Token Composition of Agentic Workloads

Token Composition of Agentic Workloads

Agentic AI workloads have a fundamentally different token profile than chatbot interactions. Agents run iterative loops — plan, retrieve, call tools, incorporate results, repeat — replaying accumulated context on every iteration. The token composition that results is dominated by cached prior context, not new compute.

Software Development Workflow

Callan Fox at WEKA analyzed ~20 billion tokens from real Claude Code sessions (presented at the NVIDIA GTC 2026 Dynamo session).
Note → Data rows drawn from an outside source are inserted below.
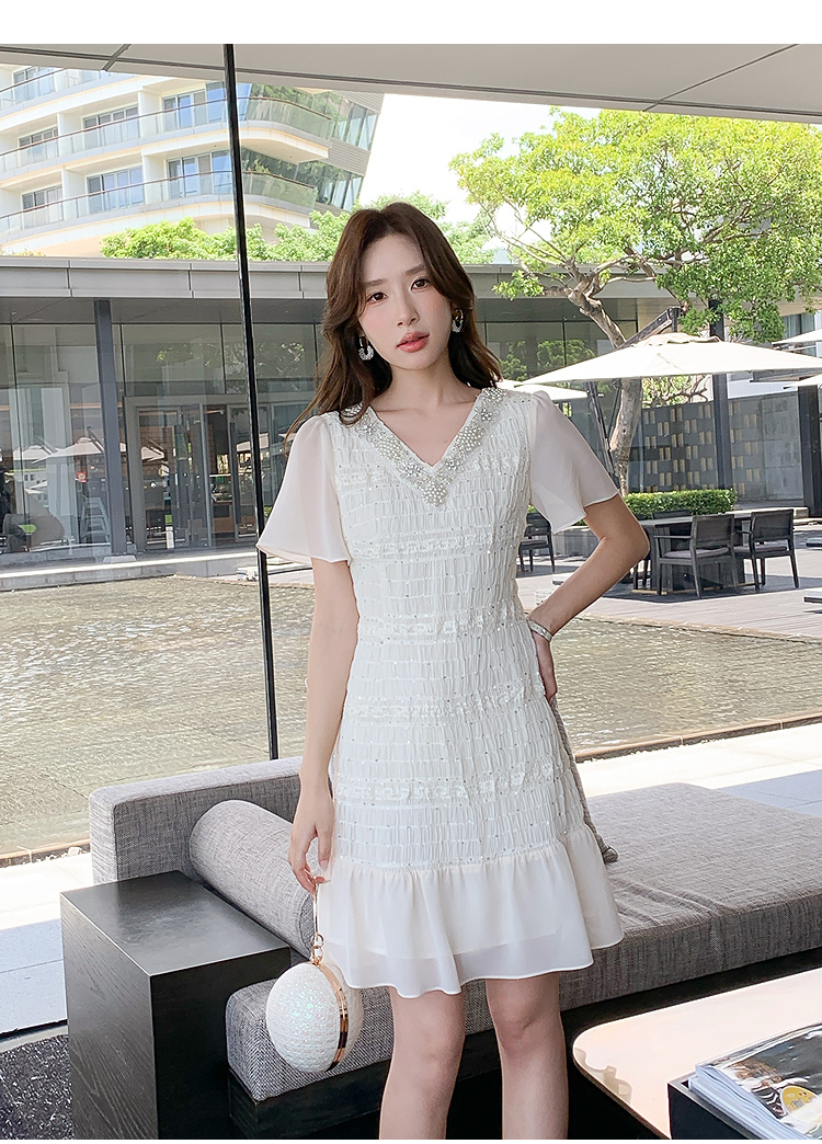 【清仓超15天不保价】奢姿大码女装2025夏季时尚V领短袖连衣裙胖妹妹气质减龄雪纺裙子9952821963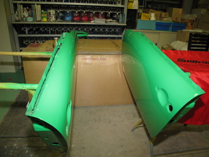 いよいよドアが塗りあがりました 左の写真...... まん中の写真は ドアモールとアクリルの窓............... そして 朝一番の空気が綺麗なときに 外の光にあてて ドアとボディーとの最後の色の確認作業です...(当然ブース内 色調合時など何度も色あわせはおこなっています) ........... 今回の仕上がりをクレヨンの匠聞くと90点〜95点との事.....今までに100点を聞いた事が無いので かなりの高得点の仕上がりです (職人は自分の仕事に100パーセント満足した時点で 進歩が無くなるらしいです......)...............なるほど...................... ちなみに 塗りなおし落第点は何点かは今度効きたいと思います(笑) これから モール アクリルなどの組み付け作業おこない最後に磨き完成です...............クレヨン2号君.....明日取りに来てくださいね.....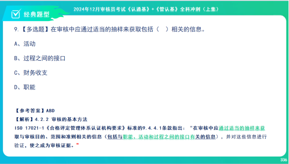 在审核中应通过适当的抽样来获取包括( )相关的信息。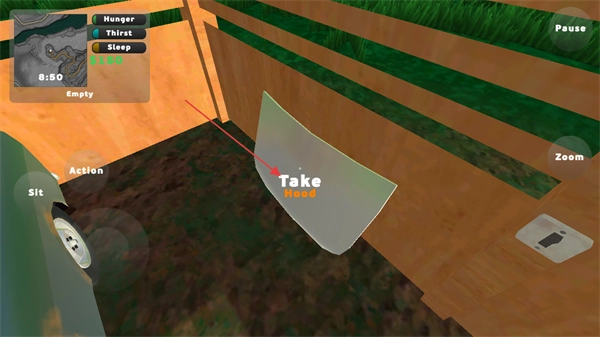 1、在场景中看到带有Take提示的物品,点击左侧Action按钮获取该物品。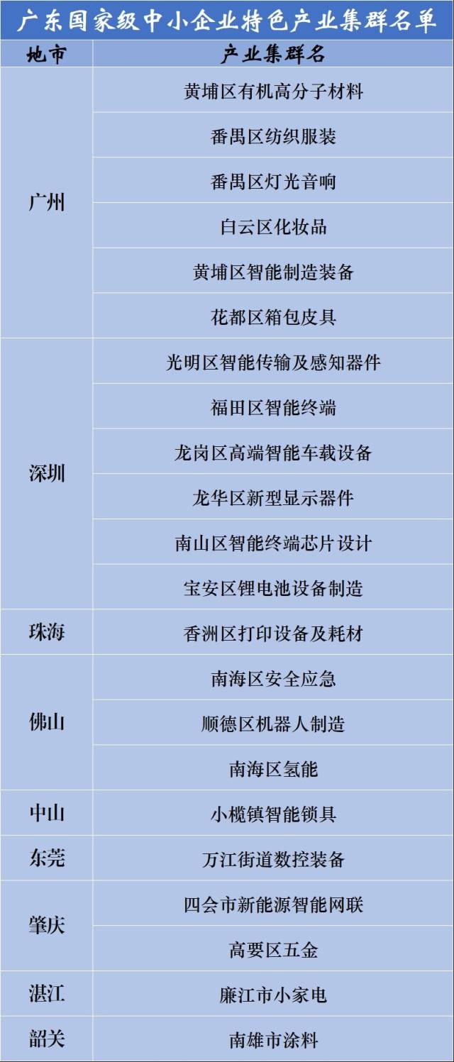 在此前工信部公布的三批國家級中小企業特色產業集群中,廣東占據22個,數量與山東、浙江共處國內第一方陣。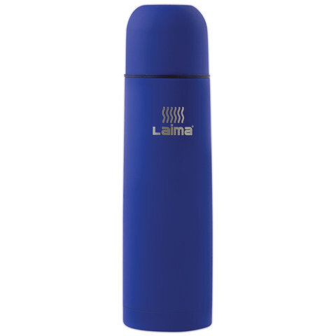 Термос LAIMA классический с узким горлом, 0,75 л, нержавеющая сталь, синий, 605123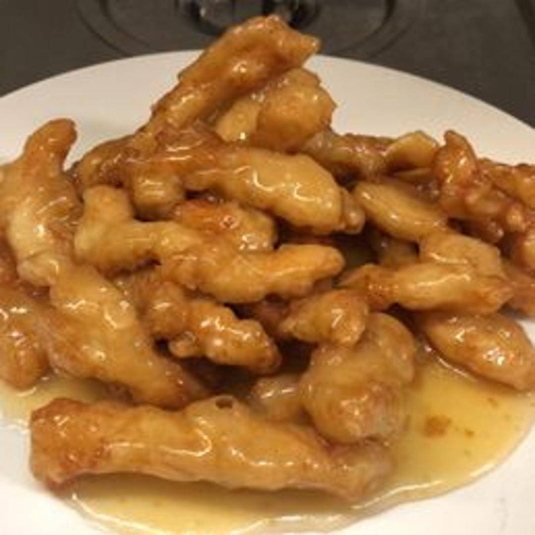 Crispy, golden-fried chicken cutlets coated in a tangy and bright lemon sauce. Served hot and perfect over rice or noodles. Features a balance of sweet and sour flavors with a zesty lemon aroma. Garnished with lemon wedges for an extra burst of citrus.

The analysis assumes unlimited cache.

Article content
Callan Fox, WEKA Token Composition - Each stacked bar is a API Call request

Each API request decomposes into:

  • Decode output (blue): Barely visible - the code generation, or tool call etc. ~1% of tokens.
  • New prefill (salmon): A user prompt, a tool result. ~5% of tokens.
  • Cached prior context (grey): The conversation history replayed each turn. ~94% of tokens.
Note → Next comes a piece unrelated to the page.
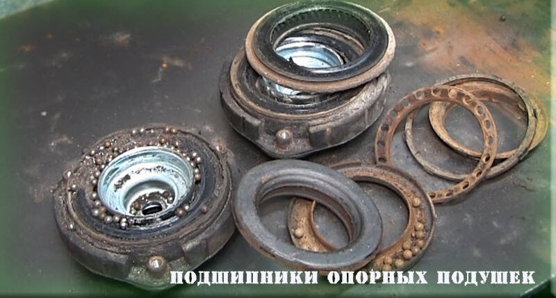 Знакома ли вам такая ситуация? Вы поворачиваете руль своего автомобиля на месте и слышите там скрипы, либо какие-то характерные щелчки непосредственно, от передней ходовой. На ходу, наблюдаете подобное: едет автомобиль и он поворачивая руль иногда возникают щелчки или скрип. Я с этим сталкивался и есть мне что вам сказать по этому поводу. Сразу вам скажу – это все подшипники опорных подушек. Если стойки амортизатора упирается в стакан, а между амортизаторная стойкой и стаканом непосредственно подушка опорная, следовательно в ней, есть опорный подшипник .И вот эти опорные подшипники (иногда из-за своего низкого качества или за плохой смазки завода, плюс если еще туда вода попадает) начинают немножко, непосредственно шарики ржаветь и начинают подклинивать, например, при повороте получается, что не может нормально войти в поворот. Ведь пружина тянет и получается его натягивать на определенный момент,и получается что он как бы простреливать, тем самым, выходят эти звуки такие неприятные.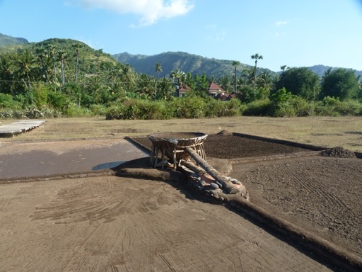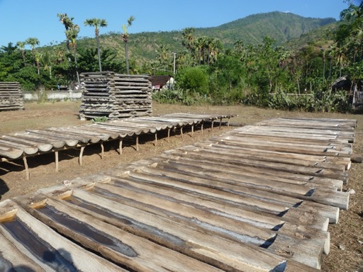 Exploitation de sel en bord de mer à Ahmed, est de Bali. Séchage sur troncs de palmier après le passage dans l'égouttoir central. Le Timor procède autrement.

Key numbers from the dataset:

  • 94% average cache hit rate across ~20B tokens (with unlimited cache). We can acheive these numbers with data-affinity-aware scheduling into the racks.
  • Median inter-request time: 7 seconds (tool loops); mean: 4+ minutes (human pauses). With long running agents in the horizon, human pauses become less relevant in future
  • Optimal cache Time-To-Live (TTL): ~1 hour for coding, requiring ~1M tokens cached per session. With long running agents, we should expect TTL to quickly go from hours to days.
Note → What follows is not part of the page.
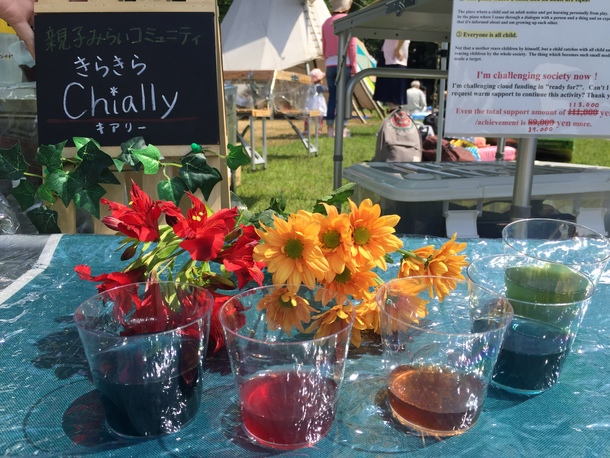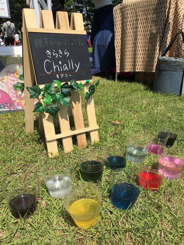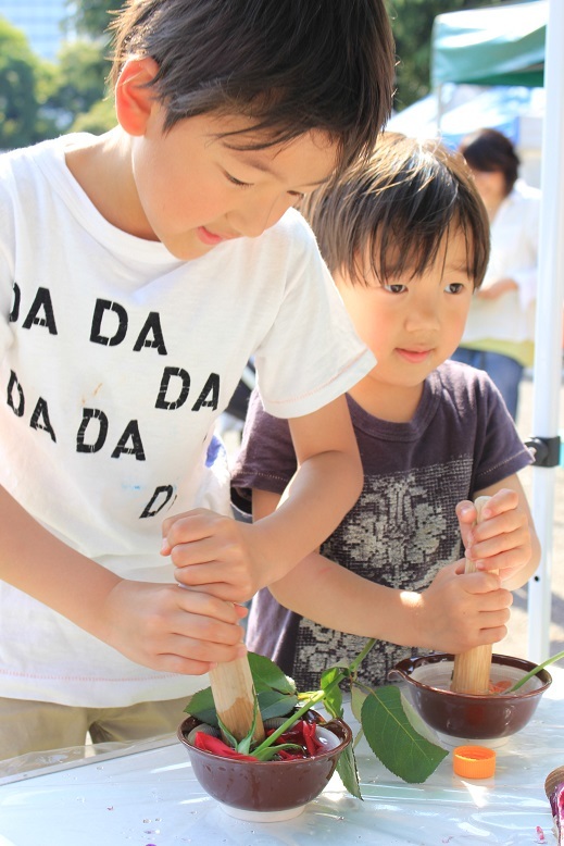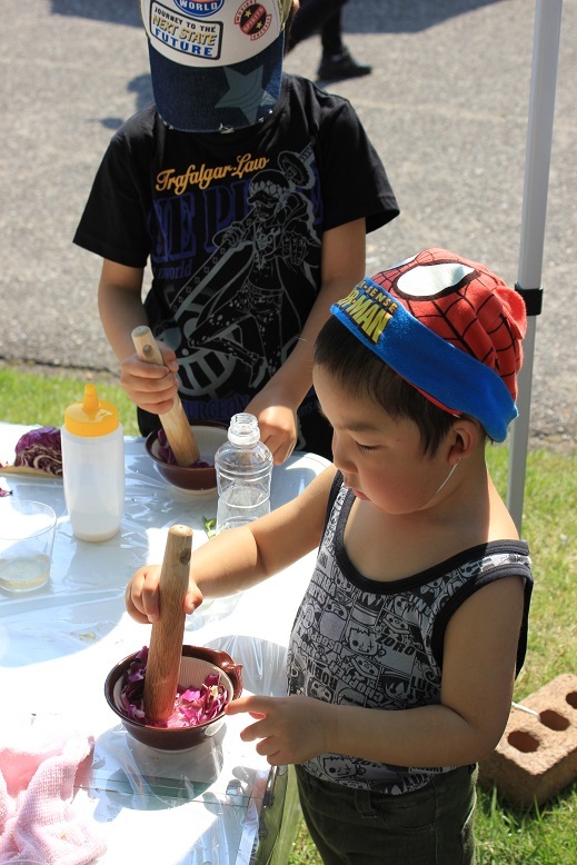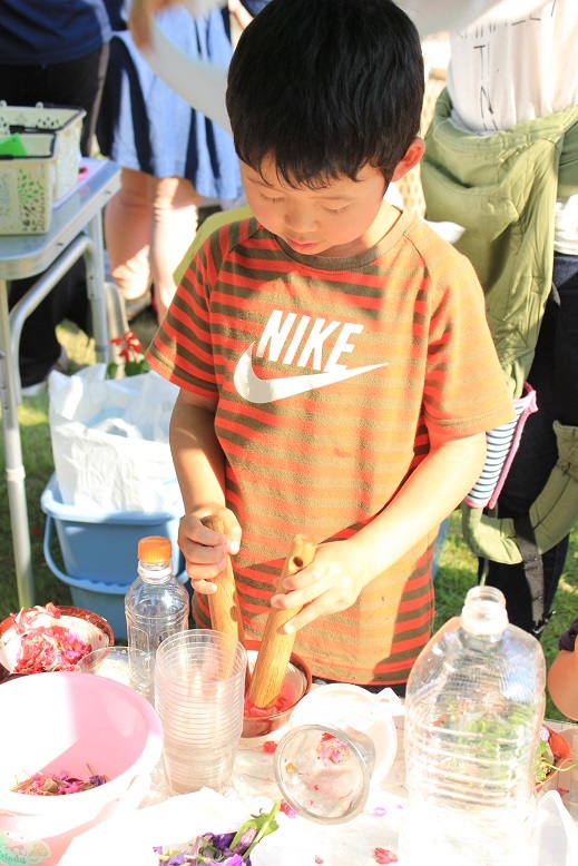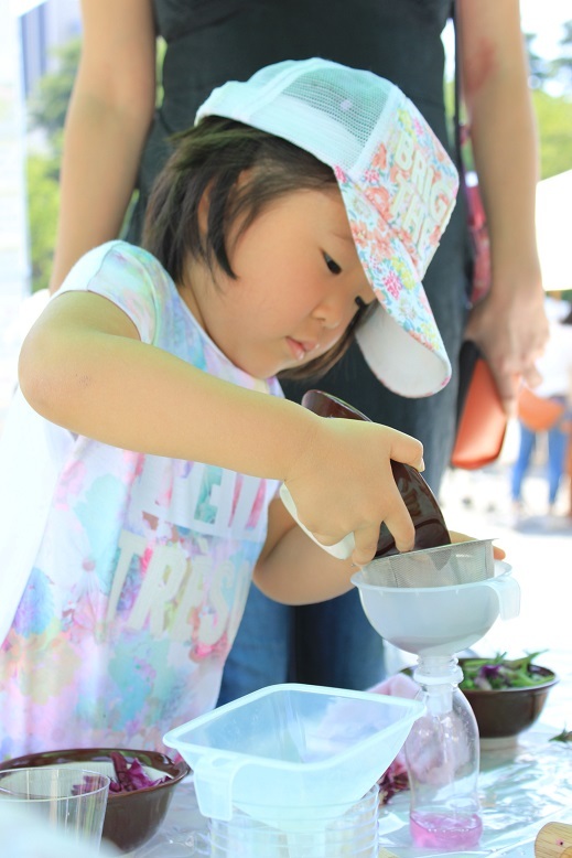 あそびあいらんどブースでは、たくさんの草花を使って色水遊びを楽しみました。

The NVIDIA Dynamo team provided some data too : 11.7× read/write ratio in Claude Code — the system reads from KV cache 12 times per write. Agent swarms achieved 97.2% aggregate cache hit rate.

Manus AI reported a 100:1 input-to-output token ratio and called KV cache hit rate "the single most important metric for a production-stage AI agent."

Customer Support, Content Generation Workflow

The structural pattern is the same: iterative agent loops that replay growing context.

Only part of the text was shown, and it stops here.